Feeling like you don’t just fit in affects us all sometimes. Sometimes that feeling of not fitting in involves church activities. One size fits all isn’t usually a good solution, especially for things that involve ministries.

Take a look at 1 Corinthians 12, for example. We all have different gifts, but it is the same Spirit at work in all of them. I think there’s sometimes too much of an emphasis on certain supernatural gifts associated with the apostolic area that it’s easy to overlook other gifts and talents that are with the Church today.

Another passage that comes to mind is Job 39:13-28, where creatures are given different abilities according to their place in nature. Obviously, both wild and domestic animals fulfill different types of functions from humans. Yet, this is a beautiful example of how different parts of God’s creation are given different abilities according to who they are and what they do.

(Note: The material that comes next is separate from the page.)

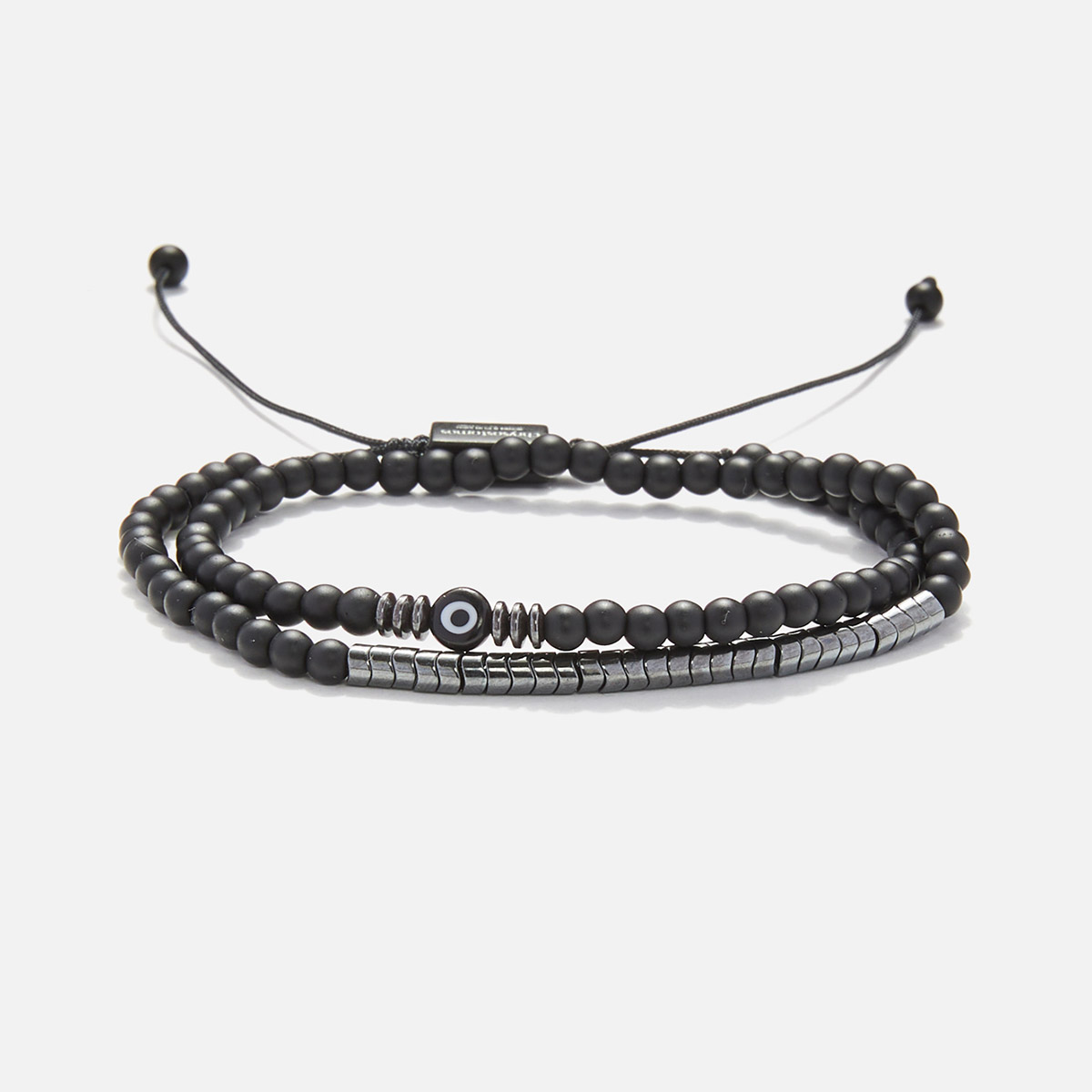Ανδρικό χειροποίητο διπλό βραχιόλι με φυσικές ορυκτές πέτρες από μαύρο όνυχα (0.4mm), ροδέλα – κύμα αιματίτη (0.4mm) και μαύρο γυάλινο ματάκι. Κατασκευή με κορδόνι και δέσιμο μακραμέ.
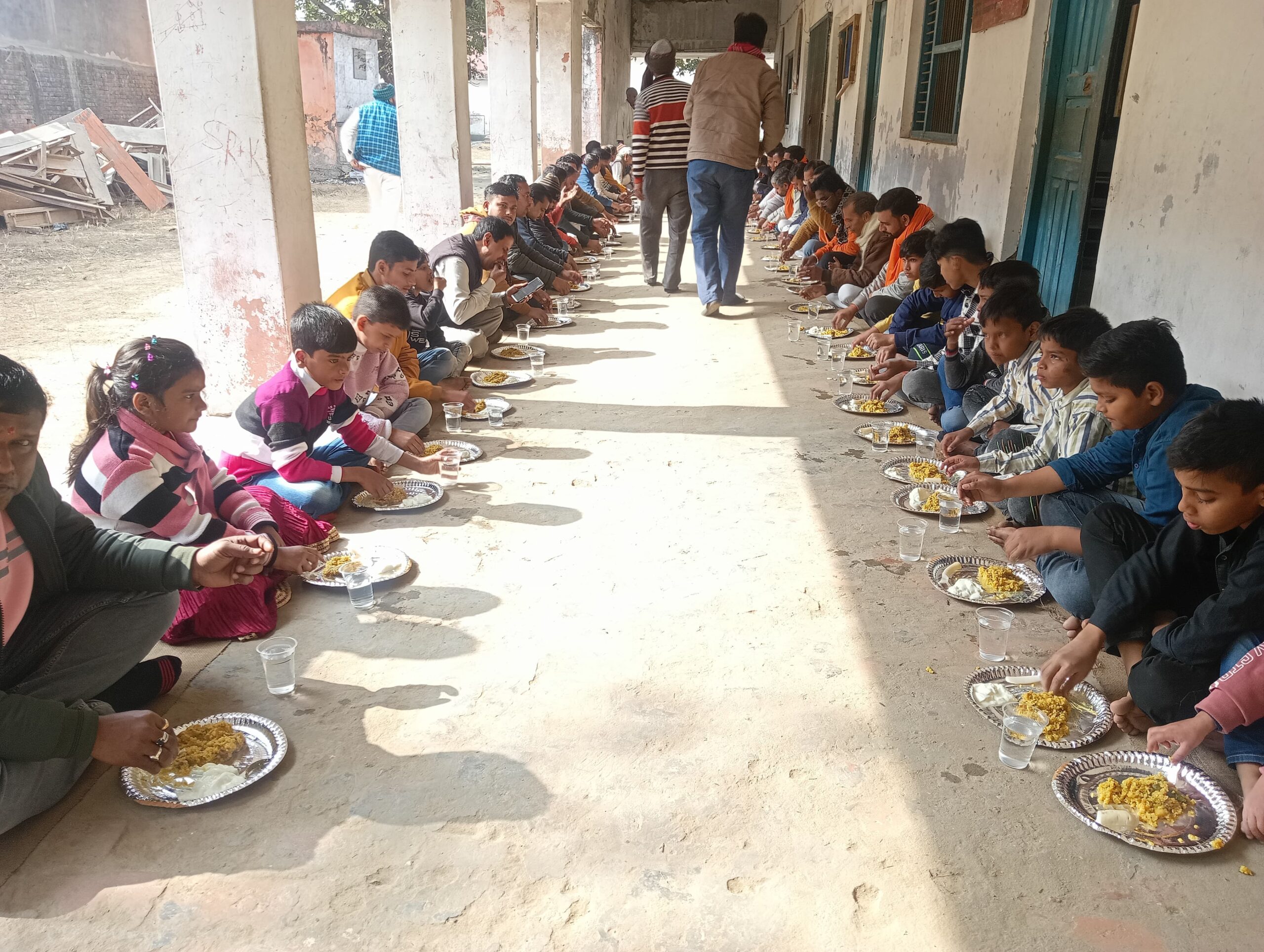 Ballia : संघ के सहभोज में स्वयंसेवकों ने खिचड़ी का उठाया लुत्फ़

A blogger recently shared about not fitting in during some social settings at her church, although she thrived in settings where she visited with the sick or in Bible studies. She just felt that she couldn’t fit in with a social group where the only thing she had in common was that they were all women and attended the same congregation. I think many of us might relate to that.

In prayer, she realized that the social setting was for some other group members, but not for her, freeing her from feelings of not belonging. We who are members of Christ’s one Body do belong. It’s just that we might have different ways of expressing how we belong.

May we always continue to go in peace to love and serve God.